How do we know? Well, U.K.-based publication Autocar recently came across spy shots of an unusual 911 Turbo testing at the Nürburgring. The blacked-out rear windows strongly suggest that Porsche is hiding some battery assistance back there; plus, the car also has a yellow warning sticker, mandatory for testing hybrid vehicles in Germany. Logic would suggest that's Porsche working on the promised "very powerful" hybrid 911.

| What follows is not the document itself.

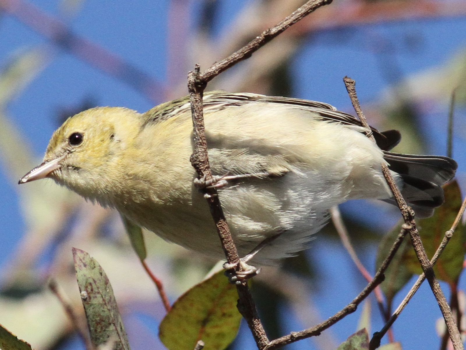 Originally reported on 30 Dec 2012 as a Blackpoll Warbler, this bird is perhaps the most difficult identification challenge among the Parulidae Wood-Warblers. The next day local birders Jay Keller and BJ Stacy relocated the warbler, joined later by Paul Lehman and Guy McCaskie, and revised its identification as a much rarer Bay-breasted Warbler! There are several key diagnostic features that contribute to its identification including most importantly the evenly blue-grey colored legs and feet (including soles of the feet) which can be seen in the photographs below. I also think the undertail coverts have a slight buffy coloration, at least at the sides where they meet the flanks, which is another feature of Bay-breasted Warbler. Looking at details of the plumage from the photographs this appears to be an adult female. Only the outer two rectrices have white markings, and the white mark on r5 is small. In addition the rump has a noticeable lead grey coloration that contrasts with the yellowish-green upperparts.
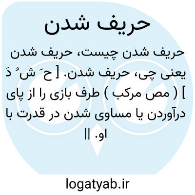 حریف شدن. [ ح َ ش ُ دَ ] ( مص مرکب ) طرف بازی را از پای درآوردن یا مساوی شدن در قدرت با او. || مغلوب کردن حریف در جنگ.

Starting with the 911 Turbo would be a sensible place to begin hybridizing the 911. When you get to the super-expensive 911s, the GT3 is for the Porsche purists; the Turbo is the car that chases mad, super-car levels of power and performance. Adding a hybrid option for the Turbo would be more palatable to those buyers — and probably necessary for Porsche to keep up with performance rivals who are also adopting hybrid tech, like McLaren and Ferrari. The tech could filter down from there to the daily-driver 911s. (Then again, it's also possible Porsche is just testing hybrid tech in a Turbo body for some other reason, and will launch it as a standalone model.)
It's unlikely we will see a full-electric 911 soon. Porsche has previously said one wouldn't arrive before 2030. Even with the brand at the forefront of EV technology with vehicles like the Taycan, the technical hurdles to getting an electric 911 that still looks and drives like a 911 may currently be insurmountable. (And Porsche could still try to save combustion as an option for 911 buyers with a synthetic low-carbon fuel.) Still, with the 911's future a prerequisite for Porsche's survival and the 992 model on the verge of a mid-life cycle refresh, we wouldn't be shocked (pun intended) to see a 911 hybrid debut by the end of 2022.